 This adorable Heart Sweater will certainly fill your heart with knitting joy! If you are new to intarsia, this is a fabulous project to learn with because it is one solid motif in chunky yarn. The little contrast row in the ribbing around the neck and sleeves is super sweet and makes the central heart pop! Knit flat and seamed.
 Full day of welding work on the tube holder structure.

--

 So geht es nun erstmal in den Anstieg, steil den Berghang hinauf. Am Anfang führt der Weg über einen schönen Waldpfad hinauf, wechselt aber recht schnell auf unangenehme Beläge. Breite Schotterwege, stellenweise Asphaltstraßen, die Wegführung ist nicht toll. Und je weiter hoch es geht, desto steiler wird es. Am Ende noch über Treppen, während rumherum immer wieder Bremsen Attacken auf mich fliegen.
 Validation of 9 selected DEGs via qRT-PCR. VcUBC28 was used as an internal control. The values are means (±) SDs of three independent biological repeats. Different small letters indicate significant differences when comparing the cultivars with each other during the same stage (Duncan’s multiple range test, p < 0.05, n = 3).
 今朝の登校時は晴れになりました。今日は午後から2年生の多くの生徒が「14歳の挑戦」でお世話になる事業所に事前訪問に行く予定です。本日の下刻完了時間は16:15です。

* * *

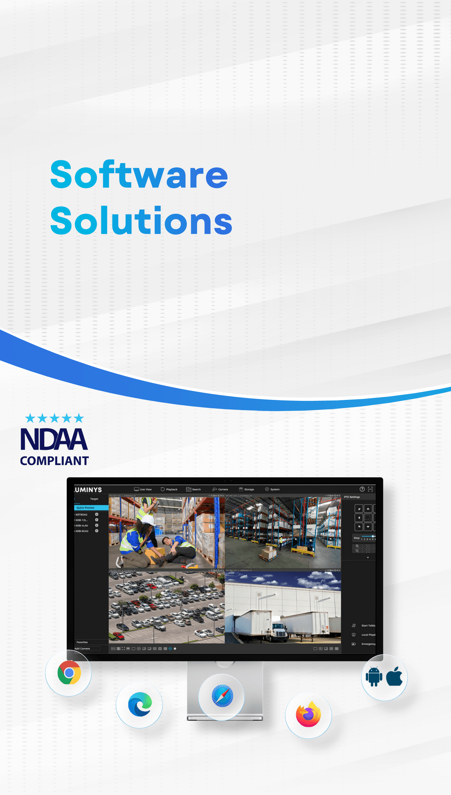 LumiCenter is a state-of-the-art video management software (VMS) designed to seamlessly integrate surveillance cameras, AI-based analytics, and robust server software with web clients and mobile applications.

» WORK TASK
For this task, write out exactly the lines of the entries above, starting at the line with "This adorable Heart" and ending at the line with "Full day of", both included, and no others.

» TASK RESULT
 This adorable Heart Sweater will certainly fill your heart with knitting joy! If you are new to intarsia, this is a fabulous project to learn with because it is one solid motif in chunky yarn. The little contrast row in the ribbing around the neck and sleeves is super sweet and makes the central heart pop! Knit flat and seamed.
 Full day of welding work on the tube holder structure.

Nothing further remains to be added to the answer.